サプライヤコードは現在ではS/4のBPコードと同じ値をとるようにカスタマイズをすることで、得意先マスタ・仕入先マスタが同じコードで管理することが可能となりました。
BPテーブル関連図
テーブル一覧(仕入先マスタ)
仕入先マスタの各テーブルの概要は下記となっています。
| テーブルID | テーブル内容 |
|---|
| LFA1 | 仕入先:一般データ 仕入先マスタについて名称や住所情報といった基本データが格納されています。 |
| LFB1 | 仕入先:会社コードデータ 仕入先マスタの会社コード単位ごとのデータが格納されています。 |
| LFM1 | 仕入先:購買組織データ 仕入先マスタの購買組織単位ごとのデータが格納されています。 |
| WYT3 | 仕入先:取引先機能 仕入先マスタの購買発注伝票などにおけるヘッダ項目の取引先機能(仕入先・請求元など)のデータが格納されています。 |
仕入先マスタ関連のテーブル
各テーブル解説
ここでは実際のマスタ設定画面とテーブル検索例を紹介します。
テーブルの検索はT-CODE:SE16Nを使用しています。
LFA1(仕入先:一般データ)
仕入先一般データに格納されている情報は仕入先マスタを登録する際に選択した基本的な情報が格納されています。S/4ではBP一般データを登録した情報がそのまま同じ情報としてコピーされることが多いです。
具体的なSAPの画面としてはT-CODE:BPの仕入先一般画面で確認できる最初の画面のデータが格納されているのじゃ!
主な項目
- サプライヤ(LIFNR)
仕入先コードを定義することができます。 (画像ではパラメータ設定でBPコードと仕入先コードを統合する設定にしていないため、サプライヤコード≠BPコードとなっています。)
- 名称1(NAME1)
仕入先の名称を設定します。文字数に応じて、名称2~4を使用することも可能です。
- 転記ブロック・購買ブロック(SPERR・SPERM)
一般データでの転記・購買ブロックはフラグ設定をすると拡張されている会社コード・購買組織全体に対してブロックが設定されます。
LFB1(仕入先:会社コードデータ)
仕入先会社データでは、法人単位などで設定されている会社コード単位での設定値を確認することができます。
主な項目
- 統制勘定コード(AKONT)
統制勘定元帳に転記する際に、どの勘定コードで転記するかを指定することができます。
(対象仕入先との取引時に買掛金計上にするか、経費計上にするかなど)
- 支払条件(ZTERM)
仕入先への買掛に対して、集計(締め日)・支払期日・支払方法などを設定することが可能です。この支払条件をもとに会計伝票の請求日付が提案されます。

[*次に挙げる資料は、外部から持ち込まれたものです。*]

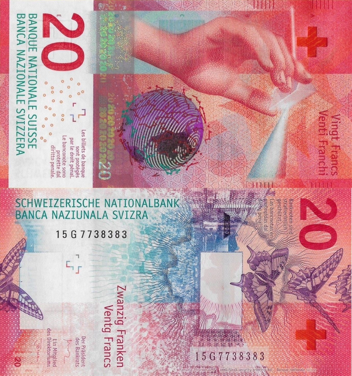 Красивая банкнота номиналом 20 франков из Швейцарии - 2015 года. (P-76a) в абсолютно идеальном банковском состоянии I (UNC).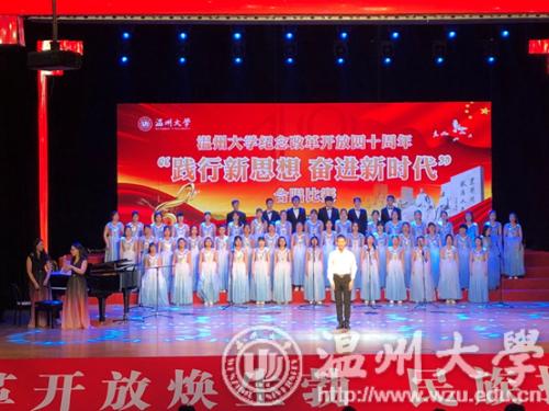 本次比赛按照改革开放四十周年的历史时间顺序分为了三个篇章,分别是第一篇章:改革之风,第二篇章:春天的故事以及第三篇章:不忘初心。来自17个学院的代表队参加本次比赛,《黄水谣》、《青春的旋律》、《爱我中华》、《祖国不会忘记》、《不忘初心》等昂扬豪情的歌曲不仅倾诉了温大学子热爱共产党、热爱祖国的心声,也表达了新时代青年员工对中国踏上富强征程的美好祝愿。豪迈嘹亮的歌声回荡在育英大礼堂,连空气中都满是壮志昂扬,引起台下观众强烈共鸣,整场比赛掌声不断,经久不息。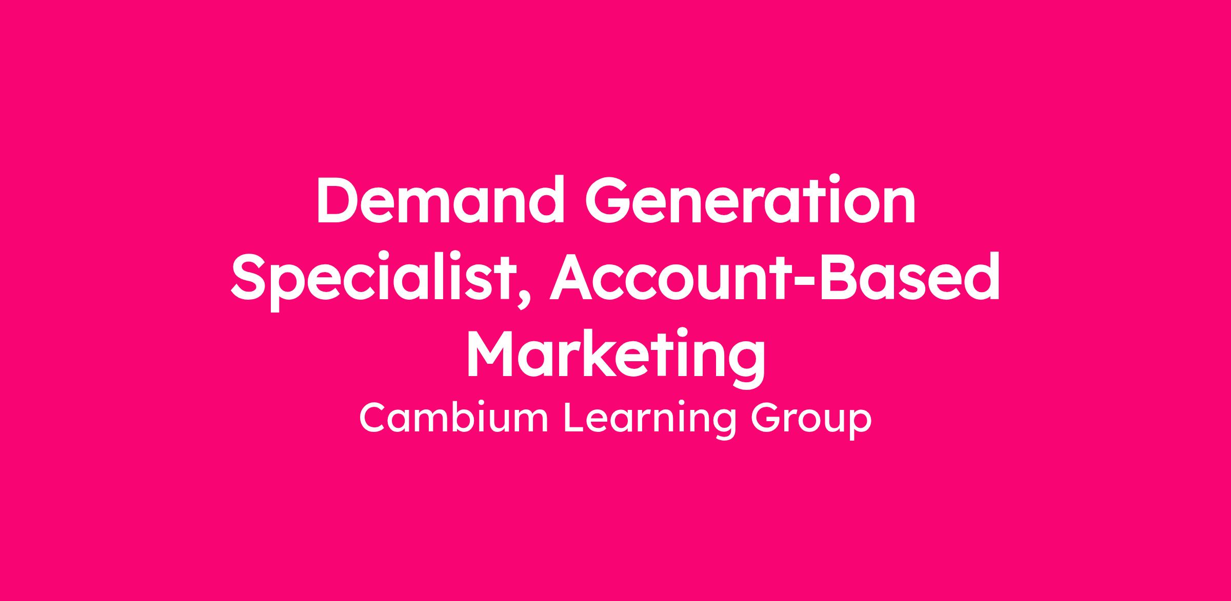 The Demand Generation Specialist, Account-Based Marketing (ABM) role is an engaged program management role perfect for a marketer who has some demand generation experience, but is ready to take their career to the next level. They will help to build and execute on our account-based experience (ABX) strategy, working closely with National and Regional program managers, sales, and customer success.

- その他:外注先タイプ(J_SC_SUBCONTYPE)
S/4の2022以降に追加された日本固有要件の下請法対象かの仕入先を判別するためのフラグになります。購買発注伝票時の下請法適用事業者との取引での伝票制御に本フラグを利用することができます。
LFM1(仕入先:購買組織データ)
仕入先 購買組織データでは、各購買部門単位ごとで設定された購買組織単位でのデータが格納されています。
主な項目
- 購買発注通貨(WAERS)
発注時に使用する通貨を設定します。
- 支払条件(ZTERM)
仕入先への買掛に対して、集計(締め日)・支払期日・支払方法などを設定することが可能です。この支払条件をもとに購買発注伝票の請求日付が提案されます。

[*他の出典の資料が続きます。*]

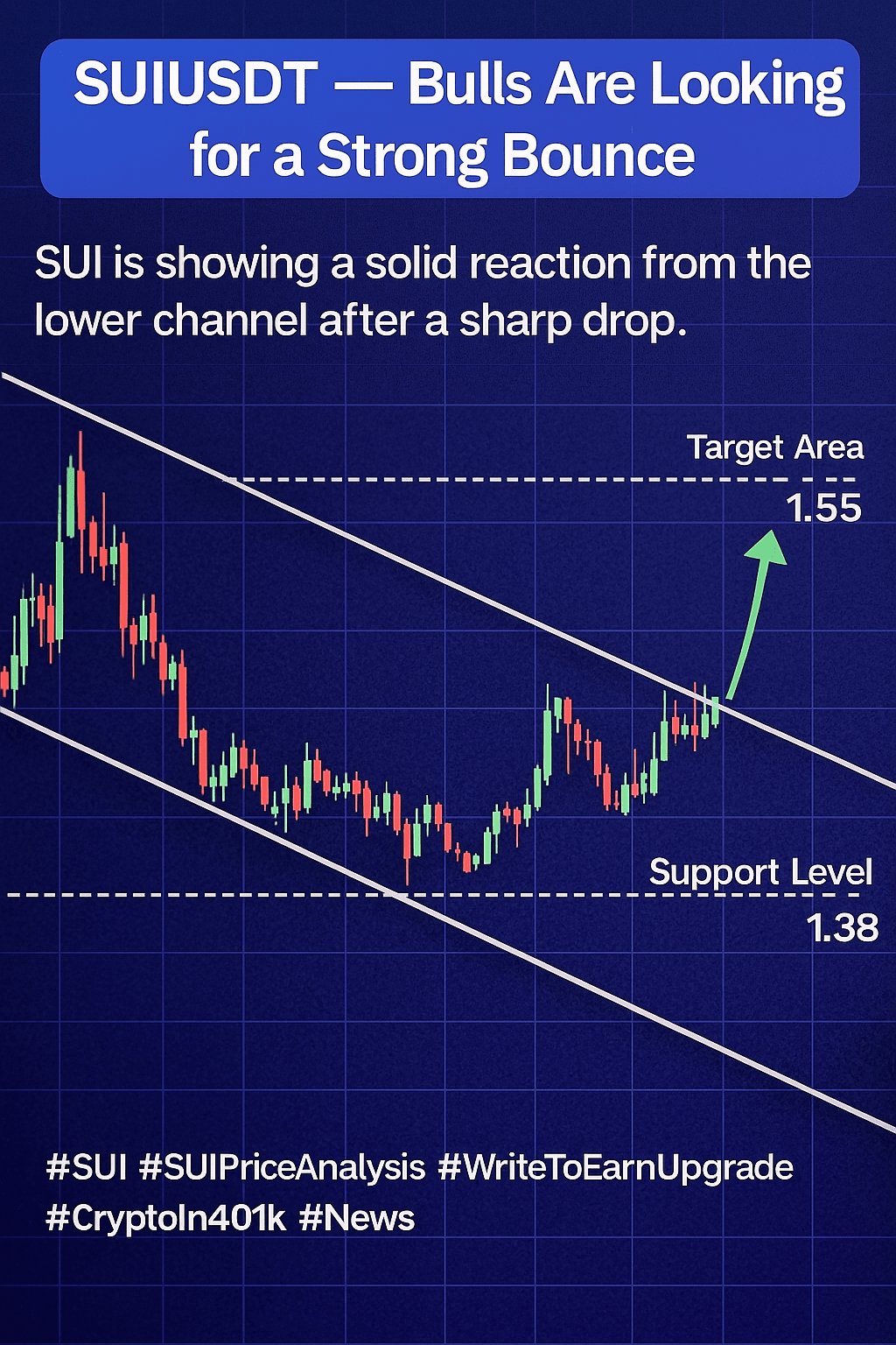$SUI sta mostrando una reazione solida dal canale inferiore dopo un forte calo. Il trend ribassista più ampio offre ancora spazio per un recupero significativo se i compratori rimangono attivi. Se il momentum si mantiene, il prezzo potrebbe risalire verso la zona 1.55 vicino alla diagonale superiore.

- 入庫請求基準書・ERS(WEBRE・XERSY)
ERS(商品の入庫処理をトリガーに請求書照合を自動で行う機能)対象の仕入先かどうかを判定するフラグです。
- PO自動生成(KZAUT)
本フラグをオンにしている場合、購買依頼からの購買発注伝票変換を通常はマニュアルでの変換が必要なケースについてME59Nなどのトランザクションで自動的に登録することができます。
WYT3(仕入先:取引先機能)
BPマスタは得意先や仕入先といったマスタが統合されたほか、与信管理なども行うことができます。

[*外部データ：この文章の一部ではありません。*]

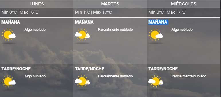 Entre lunes y miércoles se esperan temperaturas máximas que rondarán los 17 grados. La temperatura mínima no superará el grado sobre cero. El cielo se presentará parcialmente nublado.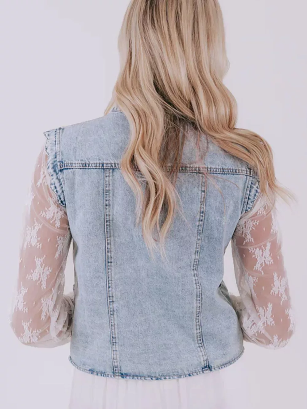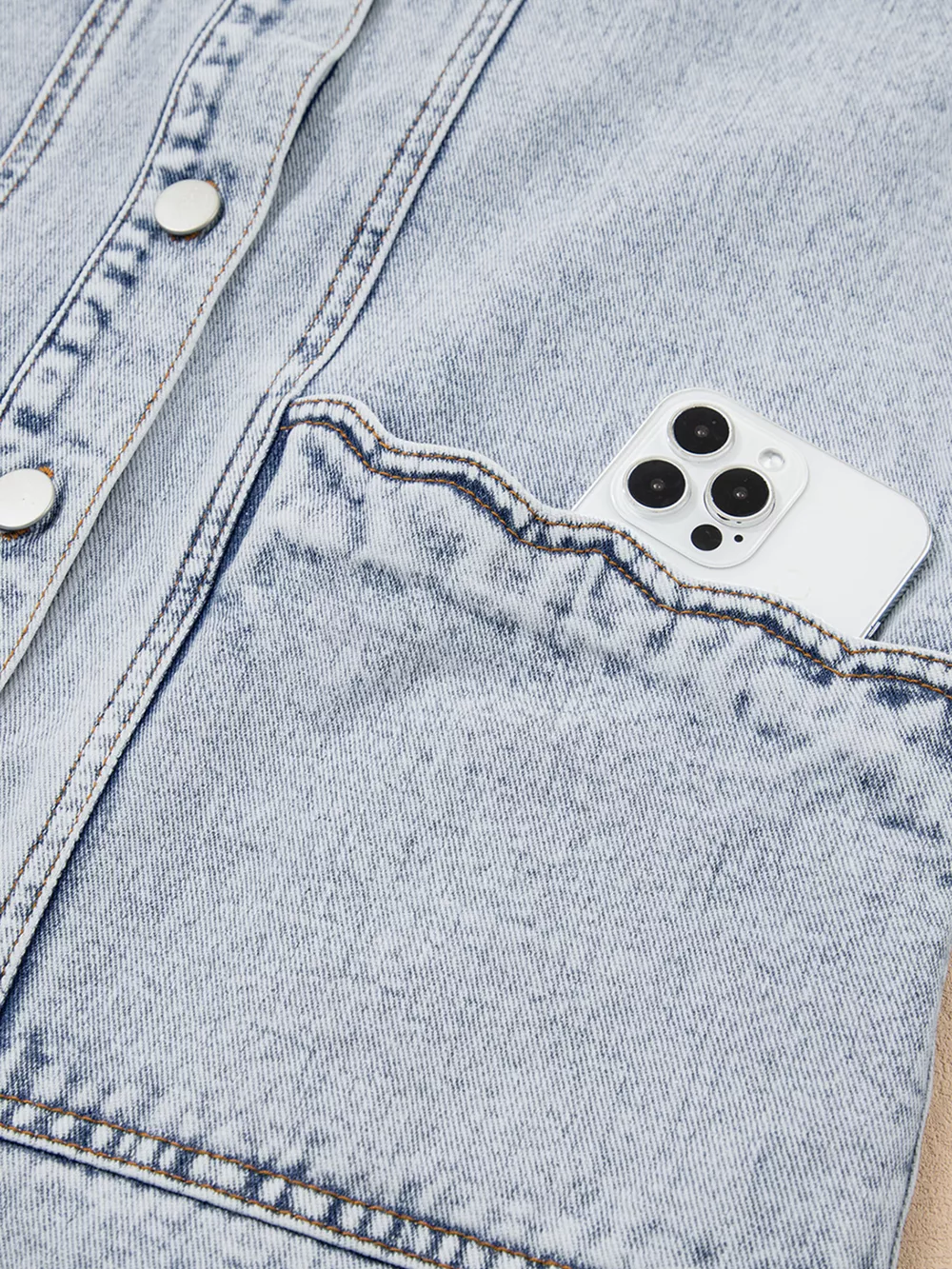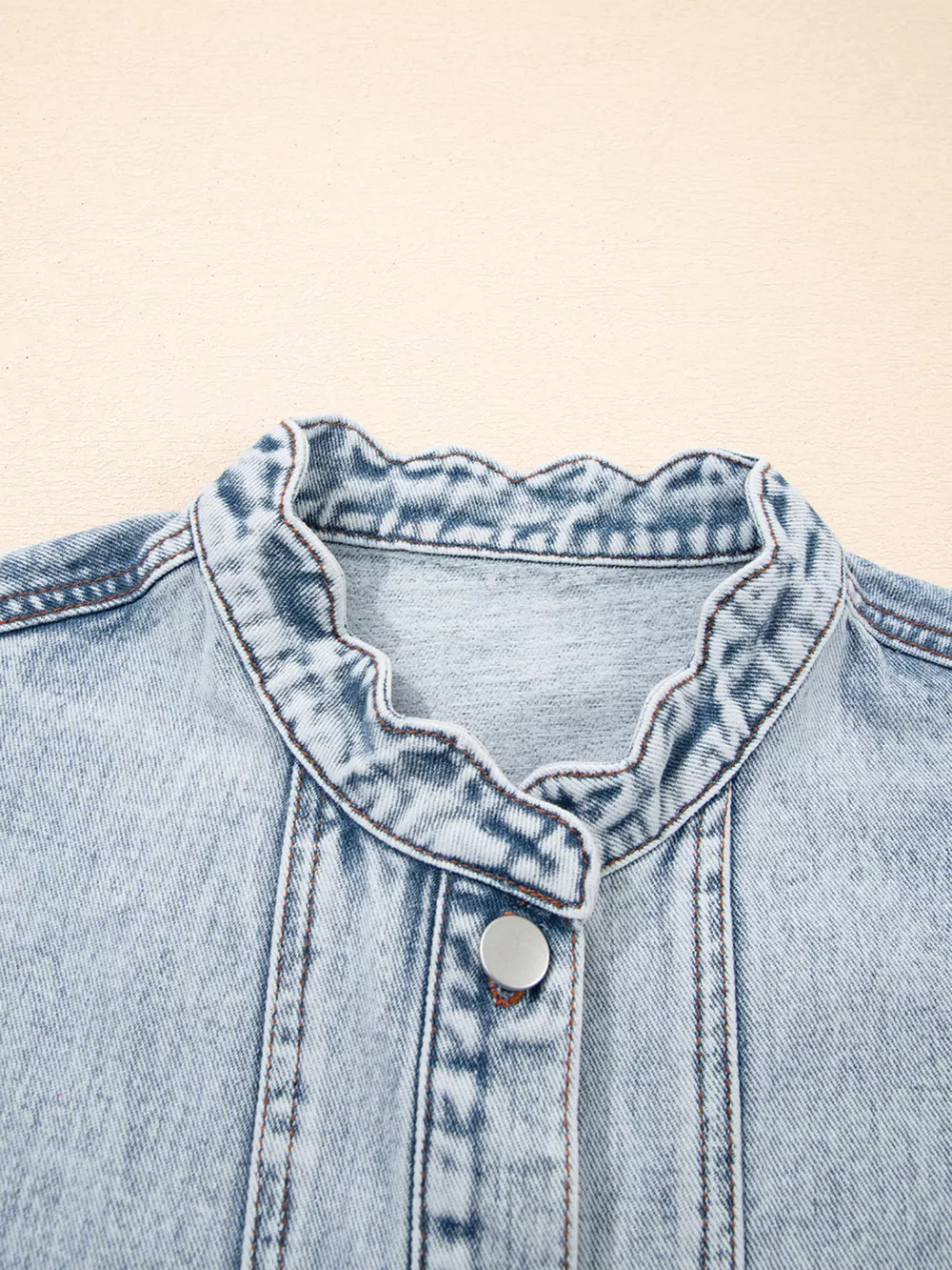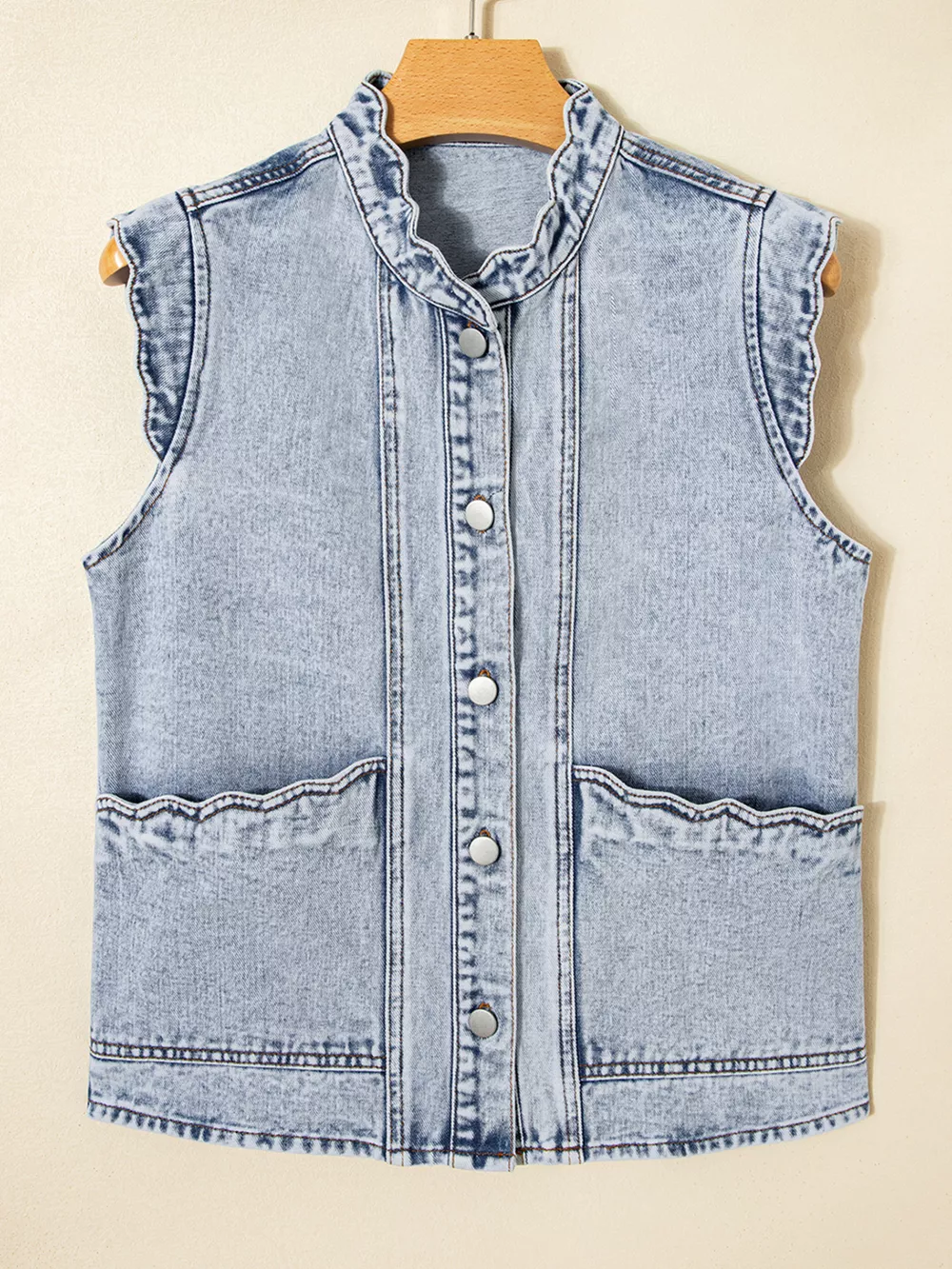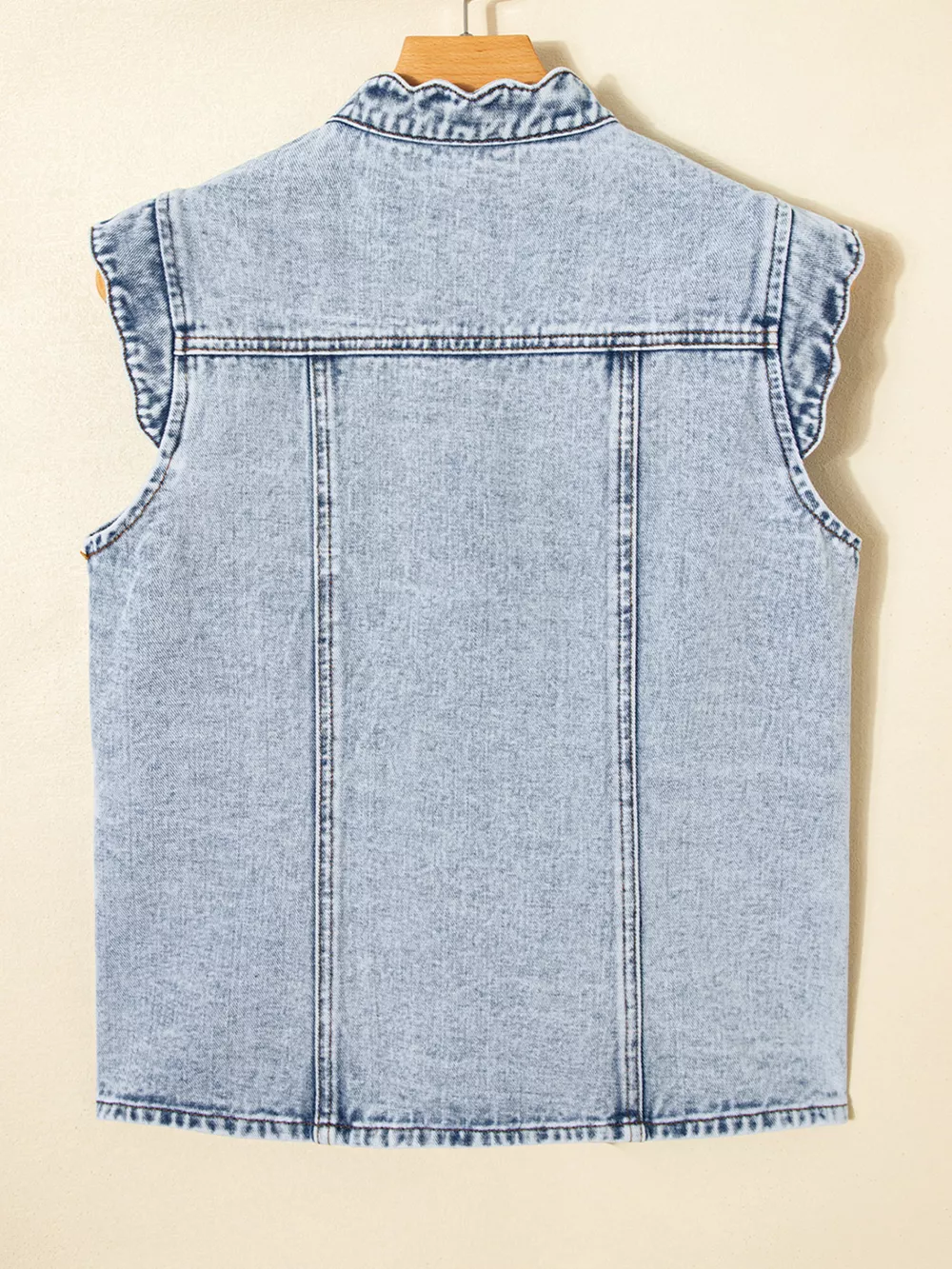 Scalloped Trim Patch Pocket Button Front Denim Vest

そのため、1つの取引先コードが得意先なのか仕入先なのかといった情報を確認するためにはBPロールを参照することで判別を行います。
主な項目
- 取引先機能(PARVW)
対象の仕入先と取引を行った際に、伝票のヘッダ項目に対象仕入先に関連する債務計上先などを紐づけて提案させることができます。
- 取引先カウンタ(PARZA)
対象の取引先機能がそれぞれ何件紐づけられているかをカウントしています。注意点として取引先カウンタは項目長が3桁のためブランク+999までの計1,000件までしか設定できない点があげられます。
- サプライヤ参照(LIFN2)
対象の取引先機能にどのサプライヤコードが紐づいているかを確認できます。
使用例:仕入先が”XXXXXXX1″(名称:取引会社A – 販売部門B)のBPコードとして登録されており、別のBPコードで”XXXXXX2″(名称:取引会社A)が本体のBPコードとして登録されている場合、請求先を”XXXXXX2″にすることで購買発注伝票ヘッダの請求先に提案され、本体のBPコードに対して債務の計上先として登録されます。
以上が、仕入先マスタの代表的なテーブルじゃ!
このほかも細かなテーブルや項目があるが、本項目が主に発注業務時に設定することの多い項目として今回は紹介しておる。
最後に
以上、仕入先マスタに関する使用されることの多い基本的なテーブルについてマスタ上での画面とテーブルでの項目を比較しながら解説を行いました。
本記事を通じて、仕入先マスタの構造イメージおよび主要項目について理解いただければ幸いです。